FDI is already allowed. They already have control over their oil.

4. What does winning look like?
Iraq as a busy, noisy, squabbling civil democracy. Middle-class Iraqis sitting in Baghdad cafes, complaining about Iraqi politicians, rather than American ones.
Troops back home, getting well deserved time with their families.

Non answer again. The entire point of asking the questions is to make those who oppose the war actually have to think about answers, not just slogans.
All troops home? Those circumstances already exist in Iraq. They will probably always find a reason to complaina bout American politicians. No details, no real answer. If the present situation is failure, then what is success?

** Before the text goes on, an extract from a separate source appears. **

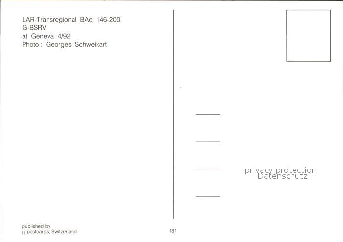 Flugzeuge Zivil Lar Transregional BAe 146-200 G-BSRV postalisch nicht gelaufen Erhaltung siehe scans

5. Did you support Kosovo? If so, explain how that is morally and legally different from Iraq?
Genocide: it's a big deal.
Similarly, I would support principled intervention in Darfur. There have been war crimes committed by the Baath regime in Iraq, but they are, frankly, at a different scale, which matters when we have only limited resources.
That all said: they same kinds of burdens apply in both cases. Clinton's approach to Kosovo would have benefitted from being more transnational rather than unilateral. (NATO is better than nothing, but still.) Also, note that we didn't have long-term designs on staying in the Balkan region.

There was no genocide in Iraq??? How many have to be killed in a genocide in order for it to reach the "scale" you feel is needed to qualify for American military action? We dont have long term designs on staying in Iraq. Yet, we are still in the Balkan region, so was that a failure?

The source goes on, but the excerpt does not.